WORK REQUIRED - For this exercise, copy exactly the lines below from the one with "The broader market" through the one with "砂濾池 →達(dá)標(biāo)排放 。" and leave out the pictures.

EXCERPTED DATA -
[Start of section]

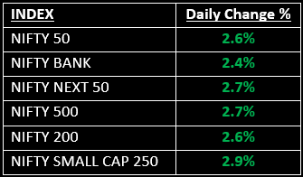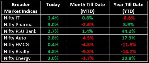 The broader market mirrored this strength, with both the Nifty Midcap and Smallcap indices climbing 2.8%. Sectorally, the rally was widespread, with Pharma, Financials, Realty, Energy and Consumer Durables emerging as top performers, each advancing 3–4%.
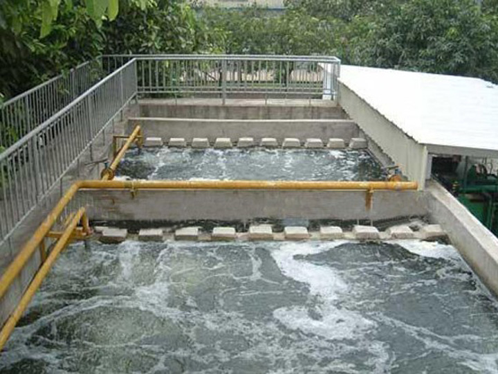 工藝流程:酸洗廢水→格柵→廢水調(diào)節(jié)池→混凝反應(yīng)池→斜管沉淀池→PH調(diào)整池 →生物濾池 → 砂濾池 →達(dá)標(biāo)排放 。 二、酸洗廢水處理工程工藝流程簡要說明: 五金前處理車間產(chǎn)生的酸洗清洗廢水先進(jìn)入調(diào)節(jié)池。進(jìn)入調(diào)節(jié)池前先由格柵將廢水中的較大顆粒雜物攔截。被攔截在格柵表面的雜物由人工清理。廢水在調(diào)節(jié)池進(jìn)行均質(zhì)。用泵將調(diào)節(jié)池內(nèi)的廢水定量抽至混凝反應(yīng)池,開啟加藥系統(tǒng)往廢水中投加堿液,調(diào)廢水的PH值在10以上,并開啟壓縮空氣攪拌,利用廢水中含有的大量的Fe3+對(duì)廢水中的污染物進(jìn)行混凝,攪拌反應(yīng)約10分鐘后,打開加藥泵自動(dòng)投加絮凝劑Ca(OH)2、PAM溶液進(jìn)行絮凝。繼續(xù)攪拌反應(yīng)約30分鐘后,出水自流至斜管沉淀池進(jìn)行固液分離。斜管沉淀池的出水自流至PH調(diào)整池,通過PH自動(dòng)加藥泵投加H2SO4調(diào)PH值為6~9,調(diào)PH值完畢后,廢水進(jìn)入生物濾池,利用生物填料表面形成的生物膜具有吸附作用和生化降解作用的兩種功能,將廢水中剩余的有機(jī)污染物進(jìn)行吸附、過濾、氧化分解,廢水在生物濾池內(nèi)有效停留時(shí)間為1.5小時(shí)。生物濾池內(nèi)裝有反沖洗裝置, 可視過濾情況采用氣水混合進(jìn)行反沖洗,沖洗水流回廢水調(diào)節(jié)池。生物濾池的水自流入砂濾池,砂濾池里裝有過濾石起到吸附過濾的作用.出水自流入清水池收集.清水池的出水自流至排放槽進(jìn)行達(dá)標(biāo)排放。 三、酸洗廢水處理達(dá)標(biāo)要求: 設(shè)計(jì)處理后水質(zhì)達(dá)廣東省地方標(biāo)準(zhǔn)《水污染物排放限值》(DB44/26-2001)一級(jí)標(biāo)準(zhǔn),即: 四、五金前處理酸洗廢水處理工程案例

[End of section]
[Start of section]

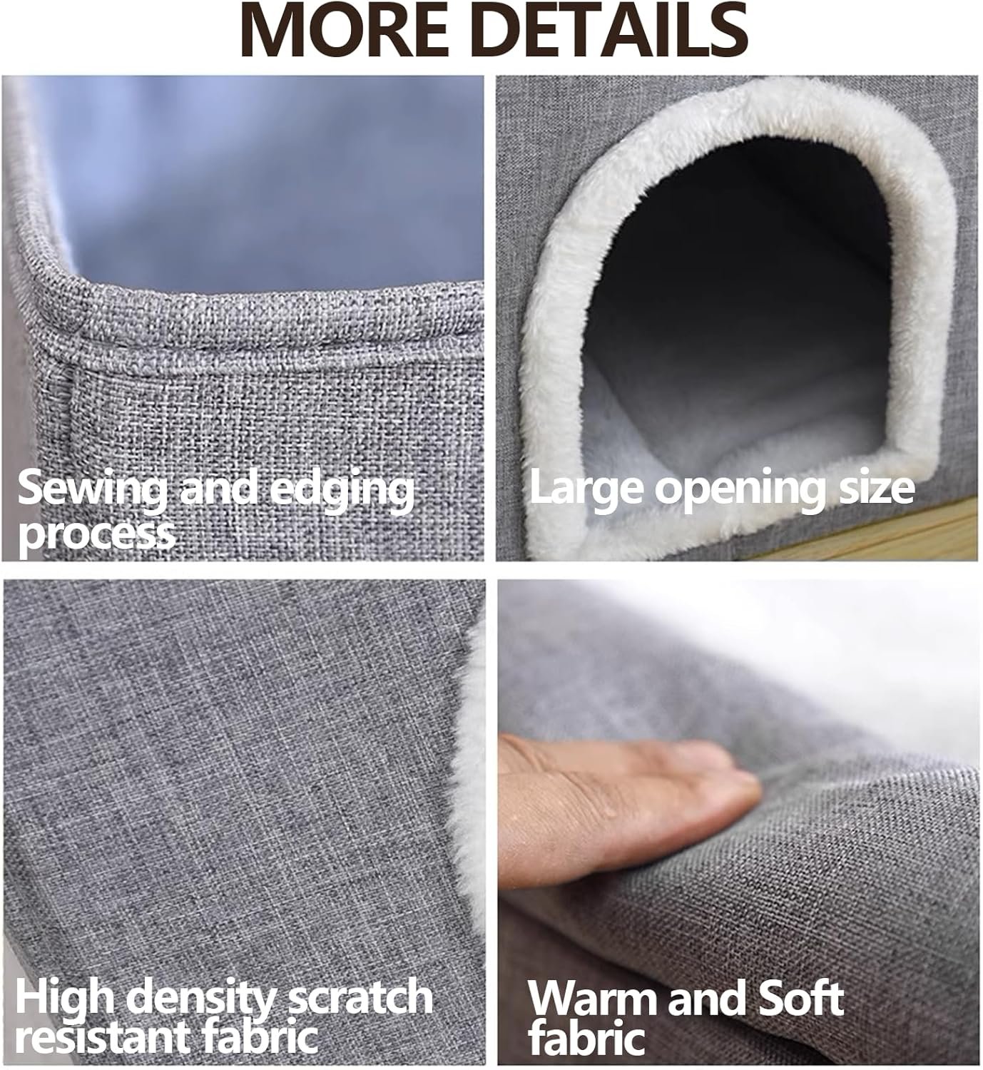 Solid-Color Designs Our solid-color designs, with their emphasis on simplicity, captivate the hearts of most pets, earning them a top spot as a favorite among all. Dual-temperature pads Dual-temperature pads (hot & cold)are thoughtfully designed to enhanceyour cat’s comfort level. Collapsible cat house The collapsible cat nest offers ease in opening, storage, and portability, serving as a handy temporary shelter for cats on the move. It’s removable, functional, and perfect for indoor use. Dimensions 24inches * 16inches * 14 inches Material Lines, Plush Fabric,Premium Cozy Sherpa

[End of section]

ANSWER FOR THIS EXERCISE -
 The broader market mirrored this strength, with both the Nifty Midcap and Smallcap indices climbing 2.8%. Sectorally, the rally was widespread, with Pharma, Financials, Realty, Energy and Consumer Durables emerging as top performers, each advancing 3–4%.
 工藝流程:酸洗廢水→格柵→廢水調(diào)節(jié)池→混凝反應(yīng)池→斜管沉淀池→PH調(diào)整池 →生物濾池 → 砂濾池 →達(dá)標(biāo)排放 。 二、酸洗廢水處理工程工藝流程簡要說明: 五金前處理車間產(chǎn)生的酸洗清洗廢水先進(jìn)入調(diào)節(jié)池。進(jìn)入調(diào)節(jié)池前先由格柵將廢水中的較大顆粒雜物攔截。被攔截在格柵表面的雜物由人工清理。廢水在調(diào)節(jié)池進(jìn)行均質(zhì)。用泵將調(diào)節(jié)池內(nèi)的廢水定量抽至混凝反應(yīng)池,開啟加藥系統(tǒng)往廢水中投加堿液,調(diào)廢水的PH值在10以上,并開啟壓縮空氣攪拌,利用廢水中含有的大量的Fe3+對(duì)廢水中的污染物進(jìn)行混凝,攪拌反應(yīng)約10分鐘后,打開加藥泵自動(dòng)投加絮凝劑Ca(OH)2、PAM溶液進(jìn)行絮凝。繼續(xù)攪拌反應(yīng)約30分鐘后,出水自流至斜管沉淀池進(jìn)行固液分離。斜管沉淀池的出水自流至PH調(diào)整池,通過PH自動(dòng)加藥泵投加H2SO4調(diào)PH值為6~9,調(diào)PH值完畢后,廢水進(jìn)入生物濾池,利用生物填料表面形成的生物膜具有吸附作用和生化降解作用的兩種功能,將廢水中剩余的有機(jī)污染物進(jìn)行吸附、過濾、氧化分解,廢水在生物濾池內(nèi)有效停留時(shí)間為1.5小時(shí)。生物濾池內(nèi)裝有反沖洗裝置, 可視過濾情況采用氣水混合進(jìn)行反沖洗,沖洗水流回廢水調(diào)節(jié)池。生物濾池的水自流入砂濾池,砂濾池里裝有過濾石起到吸附過濾的作用.出水自流入清水池收集.清水池的出水自流至排放槽進(jìn)行達(dá)標(biāo)排放。 三、酸洗廢水處理達(dá)標(biāo)要求: 設(shè)計(jì)處理后水質(zhì)達(dá)廣東省地方標(biāo)準(zhǔn)《水污染物排放限值》(DB44/26-2001)一級(jí)標(biāo)準(zhǔn),即: 四、五金前處理酸洗廢水處理工程案例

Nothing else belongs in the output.